Our online submission system guides you stepwise through the process of entering your article details and uploading your files. The system converts your article files to a single PDF file used in the peer-review process. Editable files (e.g., Word, LaTeX) are required to typeset your article for final publication. All correspondence, including notification of the Editor's decision and requests for revision, is sent by e-mail.
Please submit your article at the journal's EVISE site.
Please submit the names and institutional e-mail addresses of several potential referees. For more details, visit our Support site. Note that the editor retains the sole right to decide whether or not the suggested reviewers are used.
The following documents must be included in your submission. Items (1) and (2) are mandatory. Items (3), (4), (5) and (6) are required only if they are applicable to your manuscript.

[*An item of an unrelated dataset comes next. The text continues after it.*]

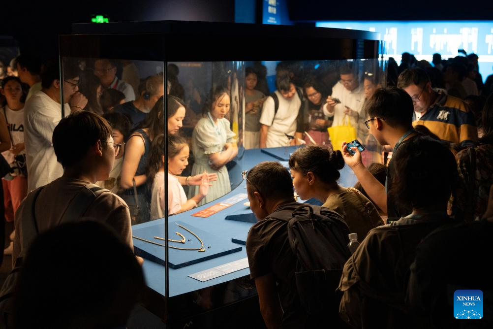 People visit the exhibition "On Top of the Pyramid: The Civilization of Ancient Egypt" at the Shanghai Museum at night in Shanghai, east China, Aug. 11, 2025. The exhibition, titled "On Top of the Pyramid: The Civilization of Ancient Egypt," opens 24 hours a day from Aug. 11 to 17 at the Shanghai Museum. During the 168-hour carnival, there will also be new books releases, Egyptian dancing performances, interactive games and cultural and creative production promotions here. (Photo by Zhang Yue/Xinhua)

(1) Cover Letter. This must include the following information:
• title of the manuscript
• corresponding author's details (name, e-mail, mailing address, telephone and fax numbers)
• a statement that the material contained in the manuscript has not been previously published and is not being concurrently submitted elsewhere
• persons who do not fulfill the requirements to be listed as authors but who nevertheless contributed to the manuscript (such as those who provided writing assistance, for example) should be disclosed
• list of manuscripts that have been published, submitted, or are in press that are similar to the submission to the JOTR (and include in your submission copies of those similar manuscripts so that JOTR Editors can be assured there is no overlap)
• the signature of the corresponding author
• Each author's contribution to the manuscript should be confirmed.
• Any and all potential and actual conflicts of interest should be listed and the details of the conflict(s) described.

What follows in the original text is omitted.